Input data:
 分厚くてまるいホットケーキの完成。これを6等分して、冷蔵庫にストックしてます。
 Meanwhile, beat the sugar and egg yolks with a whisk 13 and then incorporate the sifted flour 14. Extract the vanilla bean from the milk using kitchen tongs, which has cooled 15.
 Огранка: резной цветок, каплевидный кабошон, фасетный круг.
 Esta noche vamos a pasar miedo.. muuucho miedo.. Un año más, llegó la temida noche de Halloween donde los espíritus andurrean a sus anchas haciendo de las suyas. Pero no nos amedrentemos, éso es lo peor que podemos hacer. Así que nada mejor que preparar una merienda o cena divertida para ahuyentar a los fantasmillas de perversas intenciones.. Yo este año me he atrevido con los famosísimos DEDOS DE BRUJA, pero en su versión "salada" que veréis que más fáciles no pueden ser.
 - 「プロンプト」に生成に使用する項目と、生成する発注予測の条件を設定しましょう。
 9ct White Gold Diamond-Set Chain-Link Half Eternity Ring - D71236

...

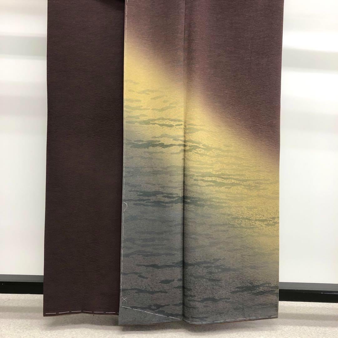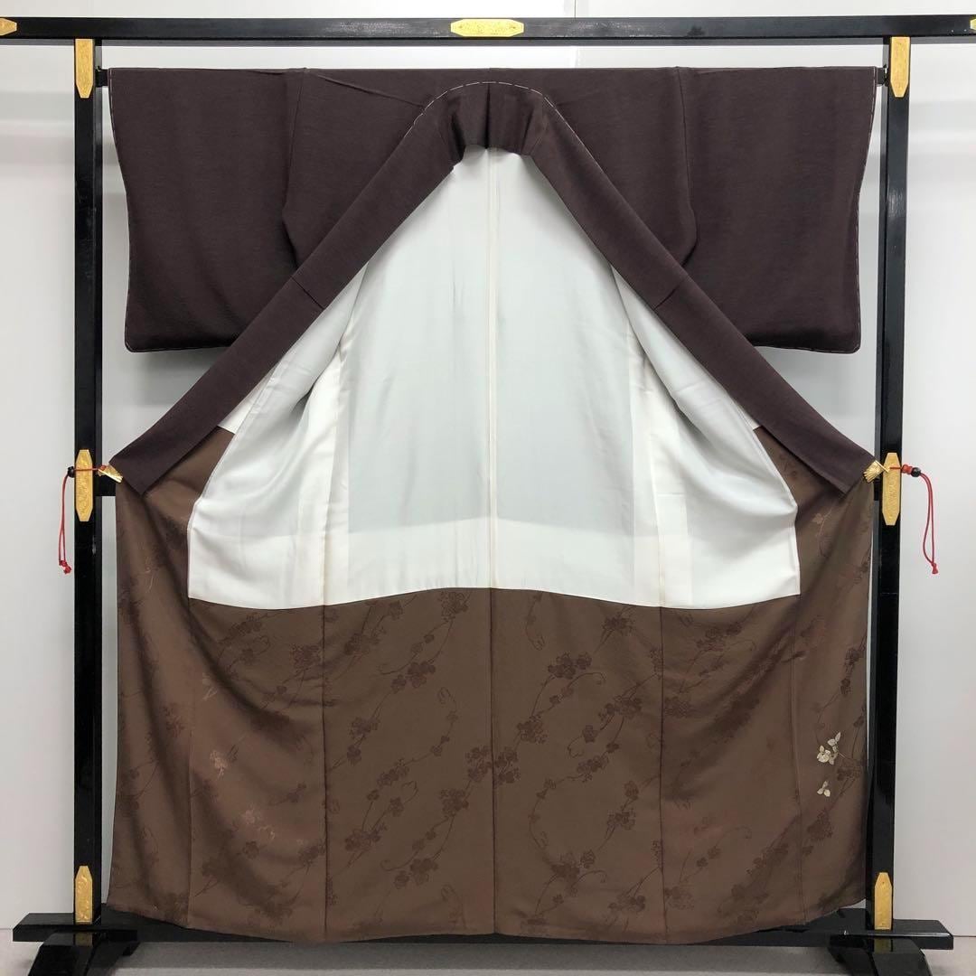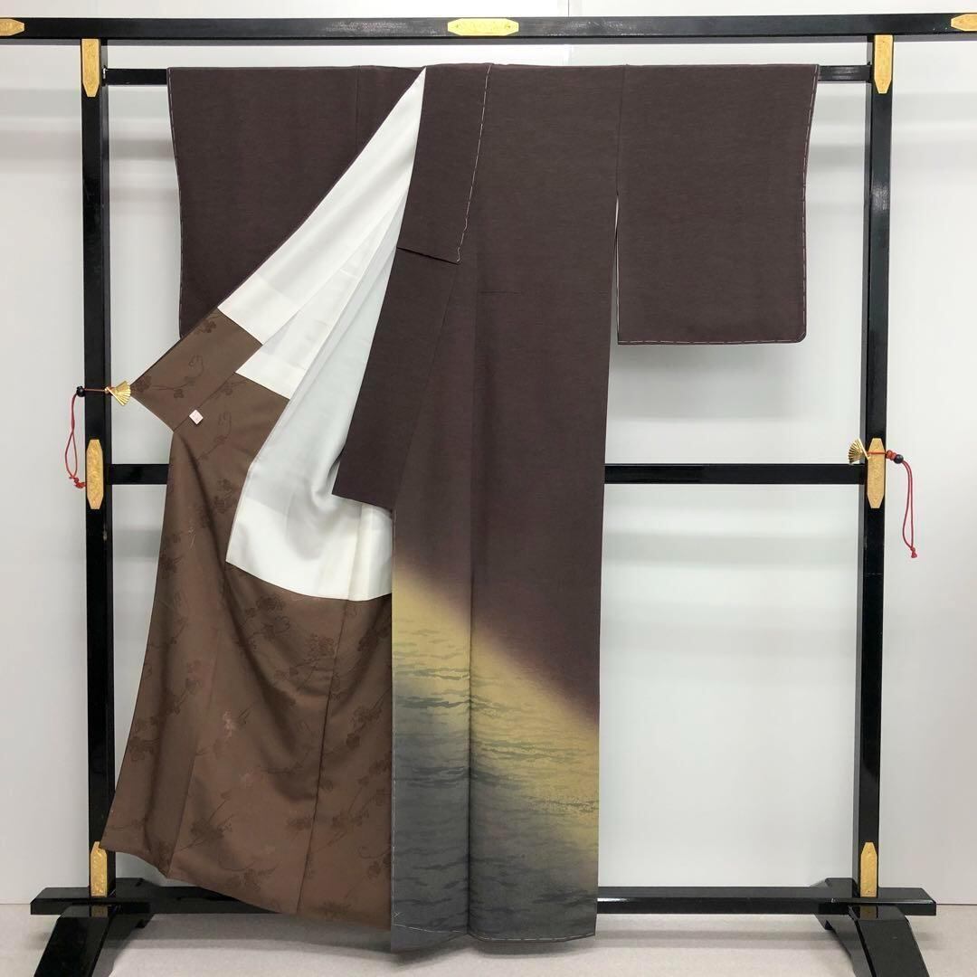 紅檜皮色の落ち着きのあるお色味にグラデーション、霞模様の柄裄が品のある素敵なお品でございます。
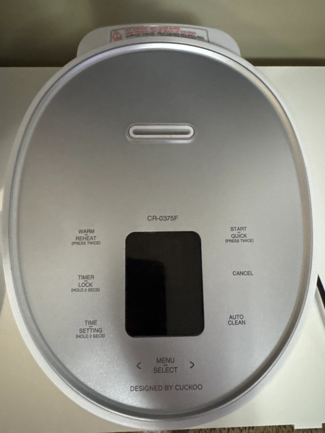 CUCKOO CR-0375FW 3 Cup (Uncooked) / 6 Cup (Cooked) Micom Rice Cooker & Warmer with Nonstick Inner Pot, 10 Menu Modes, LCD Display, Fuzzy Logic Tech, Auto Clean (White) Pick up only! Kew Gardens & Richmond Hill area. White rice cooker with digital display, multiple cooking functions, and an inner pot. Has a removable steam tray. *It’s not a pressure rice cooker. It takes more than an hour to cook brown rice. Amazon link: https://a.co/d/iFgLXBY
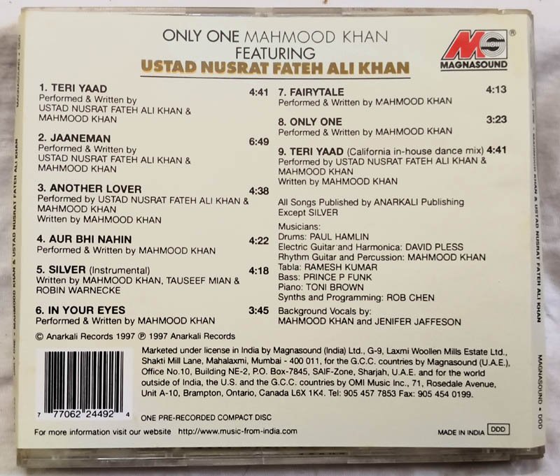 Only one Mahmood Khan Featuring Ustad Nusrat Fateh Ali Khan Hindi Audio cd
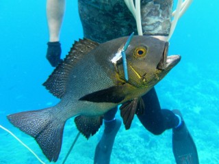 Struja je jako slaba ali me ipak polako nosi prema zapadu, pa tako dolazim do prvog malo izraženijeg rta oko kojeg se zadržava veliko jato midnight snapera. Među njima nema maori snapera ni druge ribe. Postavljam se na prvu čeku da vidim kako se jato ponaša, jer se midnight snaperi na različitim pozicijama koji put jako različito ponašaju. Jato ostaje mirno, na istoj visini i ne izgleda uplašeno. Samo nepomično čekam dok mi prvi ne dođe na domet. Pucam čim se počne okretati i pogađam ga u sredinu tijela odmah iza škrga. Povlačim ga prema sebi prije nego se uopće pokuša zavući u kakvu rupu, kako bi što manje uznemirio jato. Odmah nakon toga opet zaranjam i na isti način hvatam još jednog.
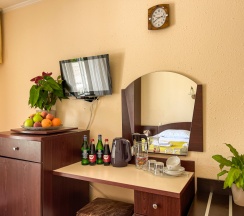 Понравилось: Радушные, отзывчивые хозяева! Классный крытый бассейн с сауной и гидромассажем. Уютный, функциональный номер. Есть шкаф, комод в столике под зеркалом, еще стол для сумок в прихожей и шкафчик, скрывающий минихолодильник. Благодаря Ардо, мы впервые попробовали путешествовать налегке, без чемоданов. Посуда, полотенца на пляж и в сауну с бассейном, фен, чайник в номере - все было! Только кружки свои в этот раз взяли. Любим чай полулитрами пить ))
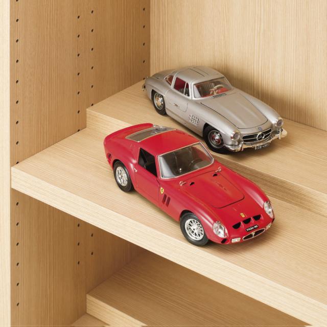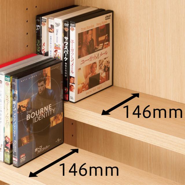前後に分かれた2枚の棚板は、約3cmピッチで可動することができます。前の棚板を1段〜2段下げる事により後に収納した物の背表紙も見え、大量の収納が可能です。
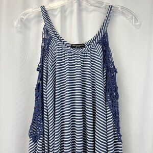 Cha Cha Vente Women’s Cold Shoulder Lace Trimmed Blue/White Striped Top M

* * *

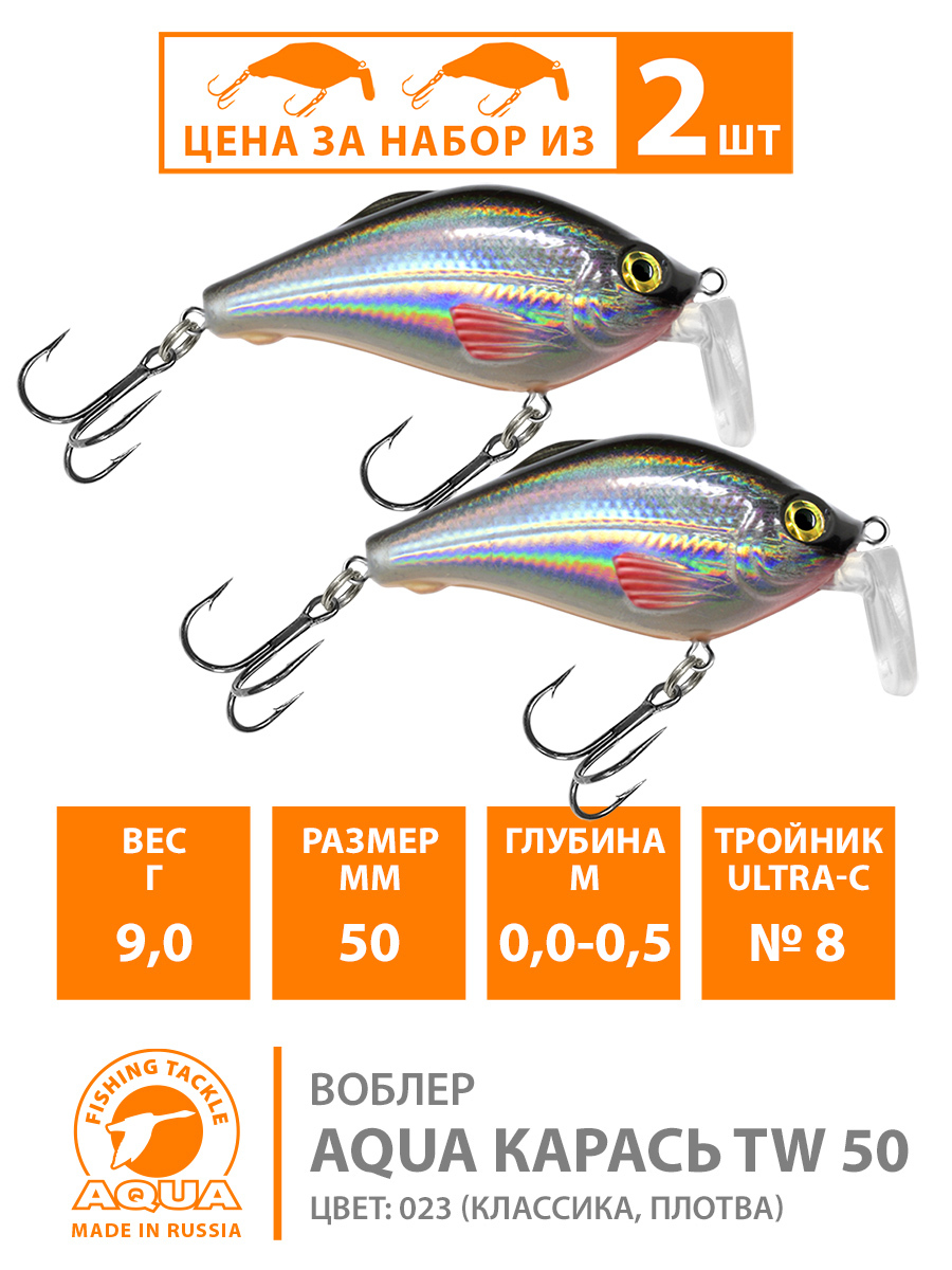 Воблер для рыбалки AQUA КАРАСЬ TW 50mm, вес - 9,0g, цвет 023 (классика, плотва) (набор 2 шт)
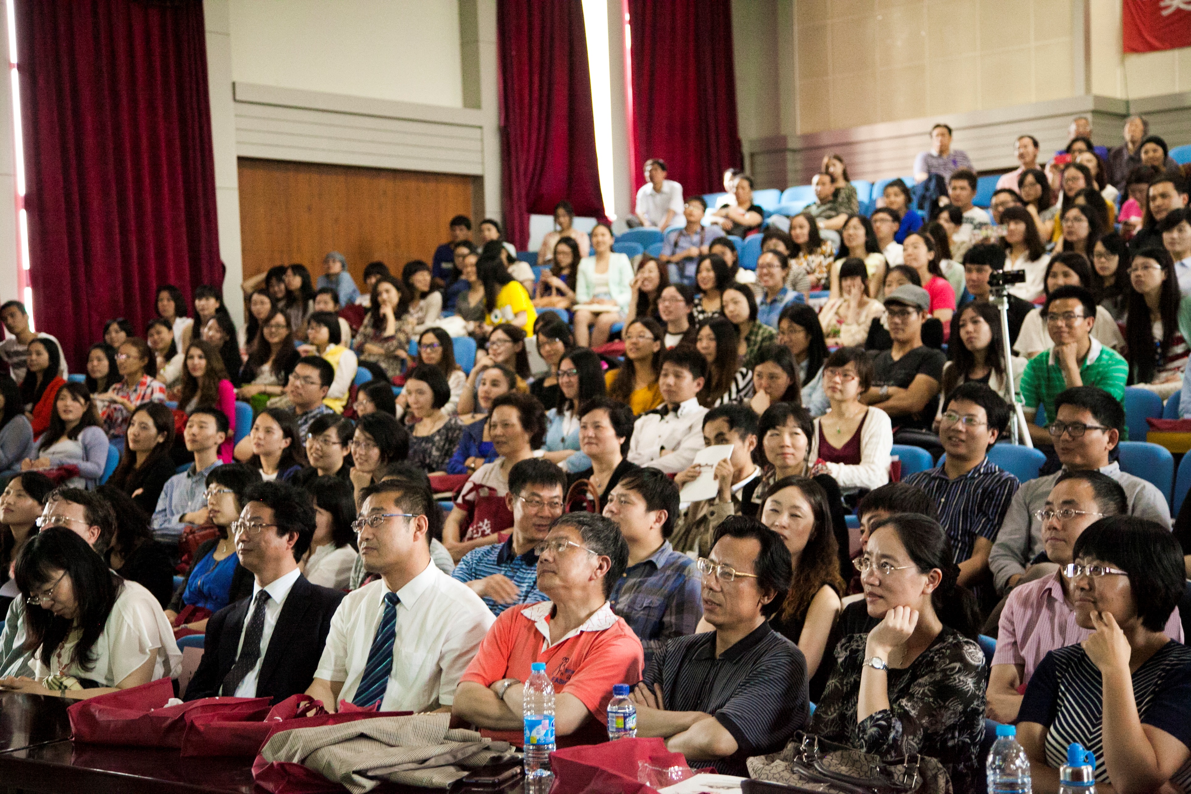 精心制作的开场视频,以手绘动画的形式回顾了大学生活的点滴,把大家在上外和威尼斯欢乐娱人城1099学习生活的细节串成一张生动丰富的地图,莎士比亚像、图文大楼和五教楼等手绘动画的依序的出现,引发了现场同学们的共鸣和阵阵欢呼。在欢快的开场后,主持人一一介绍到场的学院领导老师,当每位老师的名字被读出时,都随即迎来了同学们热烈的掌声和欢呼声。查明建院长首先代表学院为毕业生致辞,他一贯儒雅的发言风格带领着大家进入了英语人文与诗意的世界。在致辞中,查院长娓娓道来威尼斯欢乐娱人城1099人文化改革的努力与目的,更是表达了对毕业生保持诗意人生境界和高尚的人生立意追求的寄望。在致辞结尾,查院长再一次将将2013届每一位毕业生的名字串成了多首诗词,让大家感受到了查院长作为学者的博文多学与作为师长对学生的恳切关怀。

What you have to do:
Take exactly the lines from the one containing "分厚くてまるいホットケーキの完成。これを6等分して、冷蔵庫にストックしてます。" through the one containing "- 「プロンプト」に生成に使" in the data above, and output them with nothing added.

Result for this exercise:
 分厚くてまるいホットケーキの完成。これを6等分して、冷蔵庫にストックしてます。
 Meanwhile, beat the sugar and egg yolks with a whisk 13 and then incorporate the sifted flour 14. Extract the vanilla bean from the milk using kitchen tongs, which has cooled 15.
 Огранка: резной цветок, каплевидный кабошон, фасетный круг.
 Esta noche vamos a pasar miedo.. muuucho miedo.. Un año más, llegó la temida noche de Halloween donde los espíritus andurrean a sus anchas haciendo de las suyas. Pero no nos amedrentemos, éso es lo peor que podemos hacer. Así que nada mejor que preparar una merienda o cena divertida para ahuyentar a los fantasmillas de perversas intenciones.. Yo este año me he atrevido con los famosísimos DEDOS DE BRUJA, pero en su versión "salada" que veréis que más fáciles no pueden ser.
 - 「プロンプト」に生成に使用する項目と、生成する発注予測の条件を設定しましょう。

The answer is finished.